И как-то само собой получилось, что на место у кормового весла Вышата Сытенич поставил Лютобора. Дядька Нежиловец не возражал:
— Уж кому-кому, а ему я бы не то что снекку, боярскую дочь без опаски доверил бы!
В самом деле, доверять было за что. Обладая безукоризненным чутьем потомственного корабела, Лютобор при этом знал степь и обычаи населявших ее народов так, как может знать лишь человек, проведший в этих краях не один год. Разве кто другой умел так безошибочно по оставленному кострищу определить, кто и когда в этом месте стоял. Отличить дым пастушеских костров от сигнальных огней, а чеканный перестук копыт едущего размашистой рысью дозорного отряда от гулкого топота идущего на водопой стада.
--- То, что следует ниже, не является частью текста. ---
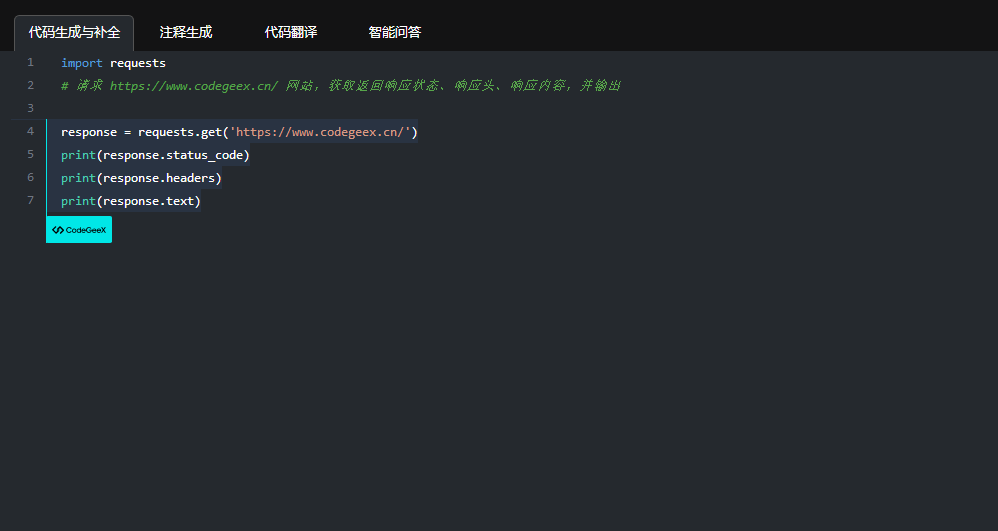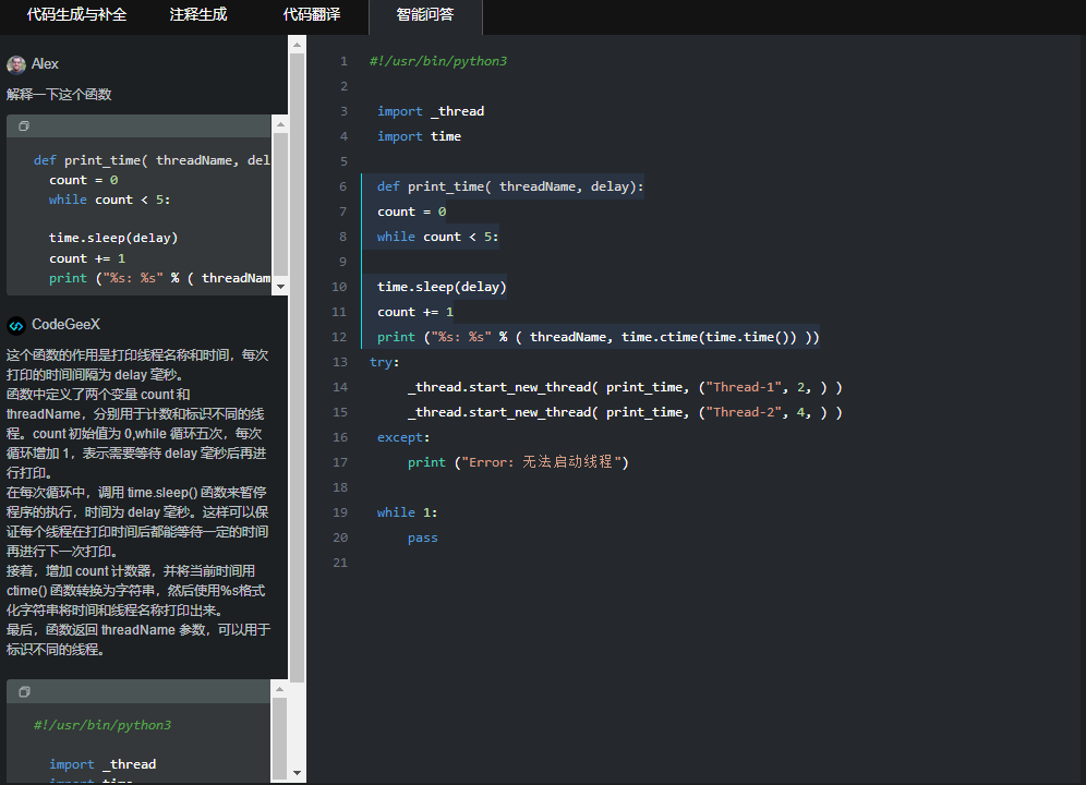 CodeGeeX可以根据自然语言注释描述的功能自动生成代码,也可以根据已有的代码自动生成后续代码,补全当前行或生成后续若干行,帮助你提高编程效率。

Новгородцы только диву давались.
— И откуда он все это знает? — недоумевал простодушный Путша.
— Да, небось, в холопах у степняков ходил! — презрительно озирая испещренную рубцами спину русса, кривил губы Белен.
Лютобор, как обычно, ответов на вопросы не давал и на боярского племянника внимания не обращал. Иных забот хватало. Его рука неуловимо направляла тело корабля, а взгляд прищуренных, внимательных глаз то скользил по реке, безошибочно определяя направление ветра и прихоти течения, то устремлялся к горизонту, выискивая скрытые от прочих приметы, то устремлялся к небесам, чтобы проверить, не обнаружил ли чего занятного добровольный дозорный, старый серый коршун.
Единственное место, куда у русса не хватало времени бросить взгляд, был участок палубы возле мачты, защищенный от солнечных лучей обширным холщовым пологом, где в этот знойный час отдыхала дружина. Там сейчас царило оживление: бывший хазарский пленник Анастасий рассказывал увлекательную повесть о странствиях хитромудрого Одиссея. Молодой ромей в последнее время частенько развлекал парней различными выдуманными и невыдуманными историями: рассказывал юноша лишь немногим хуже Лютобора, да и разных стран повидал не меньше, чем он.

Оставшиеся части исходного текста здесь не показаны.